◆ **TASK DESCRIPTION**
Transcribe the listing below exactly, from its first line through the line with "2017年亞太經(jīng)". Omit the pictures.

◆ **DATA PROVIDED**
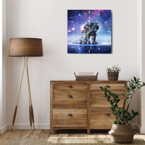 The "Starry Sky Above Me" wall clock is a unique decorative element that transports us to the mysterious world of space. The clock face depicts an astronaut in full equipment, against the background of an intensely colorful galaxy with twinkling stars.
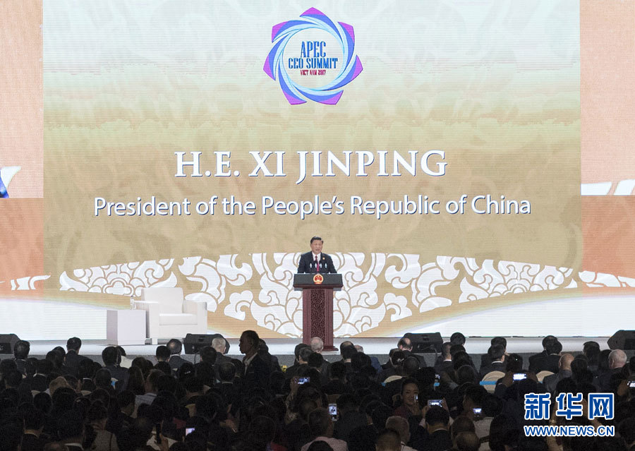 2017年亞太經(jīng)合組織工商領(lǐng)導(dǎo)人峰會10日在越南峴港舉行。國家主席習(xí)近平發(fā)表題為《抓住世界經(jīng)濟(jì)轉(zhuǎn)型機(jī)遇 謀求亞太更大發(fā)展》的主旨演講。
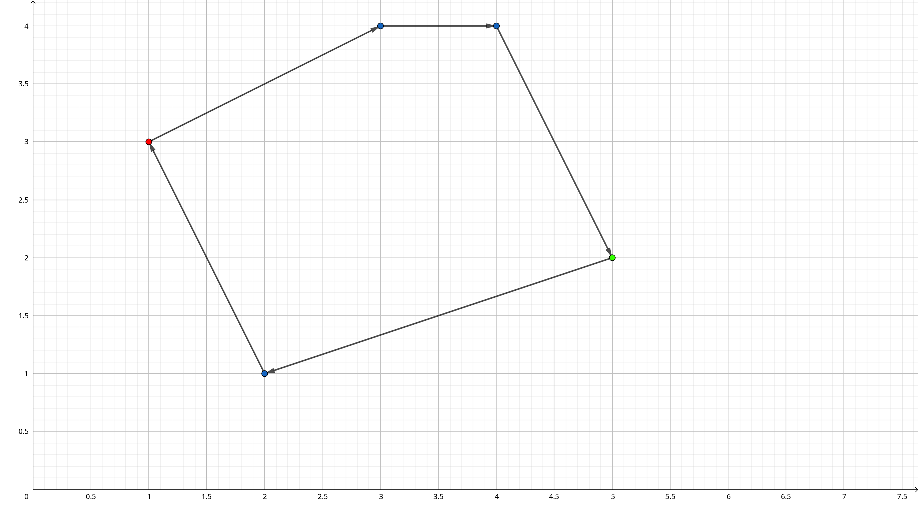KMS začína v najzápadnejšom meste, a potom sa vydá na východ k najvýchodnejšiemu mestu. Po ceste môže navštíviť niektoré mestá, tie však musia mať rastúcu zemepisnú dĺžku ($x$-ovú súradnicu).

◆ **EXERCISE ANSWER**
 The "Starry Sky Above Me" wall clock is a unique decorative element that transports us to the mysterious world of space. The clock face depicts an astronaut in full equipment, against the background of an intensely colorful galaxy with twinkling stars.
 2017年亞太經(jīng)合組織工商領(lǐng)導(dǎo)人峰會10日在越南峴港舉行。國家主席習(xí)近平發(fā)表題為《抓住世界經(jīng)濟(jì)轉(zhuǎn)型機(jī)遇 謀求亞太更大發(fā)展》的主旨演講。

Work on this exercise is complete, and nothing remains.